15. Ms Cunha added that there was a lack of exploration by the judge regarding the issue of desertion. Furthermore, the psychiatric report did not say that the respondent could not be questioned, in fact he was cross-examined during his hearing and the report did not address how his current state of mind would have an impact on his ability to answer questions in Iraq.
16. At the end of the hearing, I concluded that the judge made a material error of law in failing to give adequate reasons for finding that the appellant would face very significant obstacles to reintegration in Iraq.
Decision on error of law
17. The First-tier Tribunal rejected the majority of the respondent's claims and did not depart from the findings of the judge who previously heard his appeal. What was accepted, apparently without reasons, was that the respondent had joined the police and that he had abandoned his post. At [22] the judge found that the respondent's "mental health issues" in the context of punishment for desertion constituted very significant obstacles to his integration. There is a complete absence of reasons provided for these findings. Again, at [28] the judge finds that chronic PTSD "is a factor that will mean any punishment will cause an insurmountable obstacle to his integration" and also that he is "at risk of harm on account of being a deserter." There is no analysis of the medical evidence which includes Dr Hajioff's report. Nor is any reasoning provided to support these findings. Dr Hajioff's report is silent on the consequences for the respondent's mental health on return to Iraq in circumstances where he is said to face potential arrest and imprisonment for desertion, or in general. The report recommends medication and talking therapy, yet the judge did not consider whether this medical treatment would be available to the respondent in Iraq. The preceding matters amount a material error of law and a different conclusion might have been reached without such an error.
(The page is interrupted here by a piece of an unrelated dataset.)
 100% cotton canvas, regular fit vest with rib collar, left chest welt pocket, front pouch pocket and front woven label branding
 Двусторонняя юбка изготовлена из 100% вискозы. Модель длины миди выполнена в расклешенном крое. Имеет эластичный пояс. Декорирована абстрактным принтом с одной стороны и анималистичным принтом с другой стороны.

18. While mindful of statement 7 of the Senior President's Practice Statements of 10 February 2010, it is the case that there has yet to have been an adequate consideration of this appeal at the First-tier Tribunal and it would be unfair to deprive the parties of such consideration. This appeal is therefore remitted to the First-tier Tribunal to be heard afresh, with none of Judge Samimi's findings preserved.

Decision
The making of the decision of the First-tier Tribunal did involve the making of an error of on a point of law.
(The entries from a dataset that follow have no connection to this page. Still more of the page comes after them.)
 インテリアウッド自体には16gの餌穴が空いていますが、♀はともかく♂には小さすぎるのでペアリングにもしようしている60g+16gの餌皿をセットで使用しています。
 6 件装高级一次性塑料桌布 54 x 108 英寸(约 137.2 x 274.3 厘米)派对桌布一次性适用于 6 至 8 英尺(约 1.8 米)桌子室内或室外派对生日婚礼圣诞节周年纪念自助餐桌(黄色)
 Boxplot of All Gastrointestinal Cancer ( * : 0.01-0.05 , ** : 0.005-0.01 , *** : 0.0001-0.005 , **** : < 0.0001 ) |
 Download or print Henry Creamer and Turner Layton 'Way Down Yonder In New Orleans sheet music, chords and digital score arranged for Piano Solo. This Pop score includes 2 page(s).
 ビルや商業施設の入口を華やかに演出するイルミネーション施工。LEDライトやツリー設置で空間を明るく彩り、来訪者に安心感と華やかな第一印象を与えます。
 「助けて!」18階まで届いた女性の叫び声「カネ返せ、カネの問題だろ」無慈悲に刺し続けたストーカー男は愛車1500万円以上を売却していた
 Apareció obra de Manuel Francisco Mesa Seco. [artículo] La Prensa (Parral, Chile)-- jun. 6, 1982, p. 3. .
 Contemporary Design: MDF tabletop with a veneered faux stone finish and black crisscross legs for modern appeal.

The decision of the First-tier Tribunal is set aside.
The appeal is remitted, de novo, to the First-tier Tribunal to be reheard at Hatton Cross, with a time estimate of 3 hours by any judge except First-tier Tribunal Judge Samimi.

Direction Regarding Anonymity - Rule 14 of the Tribunal Procedure (Upper Tribunal) Rules 2008
Unless and until a Tribunal or court directs otherwise, the appellant is granted anonymity. No report of these proceedings shall directly or indirectly identify him or any member of their family. This direction applies both to the appellant and to the respondent. Failure to comply with this direction could lead to contempt of court proceedings.